Seminar über Quanten-, Atom- und Neutronenphysik (QUANTUM)

Jan. 16, 2025 at 2:15 p.m. in IPH Lorentzraum 05-127

Prof. Dr. Peter van Loock
Institut für Physik
loock@uni-mainz.de

Dr. Lars von der Wense
Institut für Physik
lars.vonderwense@uni-mainz.de

Continuous recoil-driven lasing and cavity frequency pinning with laser-cooled 88Sr atoms
Dr. Vera Schäfer (MPI Heidelberg)


Precision measurements of atomic transition frequencies have become a promising path for testing theories for new physics beyond the standard model. To achieve even higher precision more stable and narrow-linewidth laser sources are required.

Superradiant lasers are a candidate for realising a narrow-linewidth, high-bandwidth active frequency reference. They shift the phase memory from the optical cavity, which is subject to technical and thermal vibration noise, to an ultra-narrow optical atomic transition of an ensemble of cold atoms trapped inside the cavity. Our previous demonstration of pulsed superradiance on the mHz transition in 87Sr achieved a fractional Allan deviation of 6.7*10−16 at 1s of averaging. Moving towards continuous-wave superradiance promises to further improve the short-term frequency stability by orders of magnitude.
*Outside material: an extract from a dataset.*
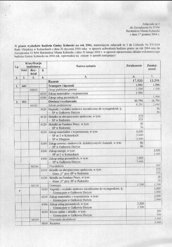 w sprawie zmian w bud偶ecie i uk艂adzie wykonawczym bud偶etu gminy na rok 2004.
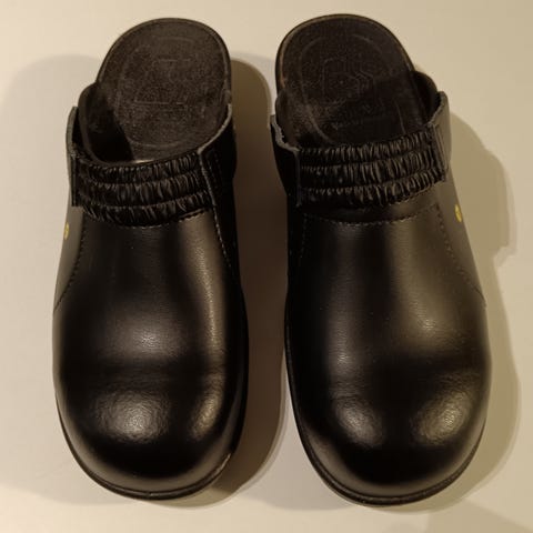 Muotoiltu, antistaattinen sisäpohja on irrotettava ja pestävä.Pistokkaan päällinen on vettä ja likaa hylkivää nupukkinahkaa. Tarrakiinnitys. ESD-hyväksytty.

A key challenge is the continuous supply of cold atoms into a cavity, while staying in the collective strong coupling regime.

We demonstrate continuous loading and transport of cold 88Sr atoms inside a ring cavity, after several stages of laser cooling and slowing. We further describe the emergence of distinct zones of collective continuous lasing of the atoms on the 7.5kHz transition, 7x narrower than the cavity linewidth, and pumped by the cooling lasers via inversion of the motional states. The lasing is supported by self-regulation of the number of atoms inside the cavity that pins the dressed cavity frequency to a fixed value over >3MHz of raw applied cavity frequency. In the process up to 80% of the original atoms are expelled from the cavity.

I will also present a new project in Heidelberg aiming to use precision spectroscopy of highly charged ions to search for a variation of the fine-structure constant.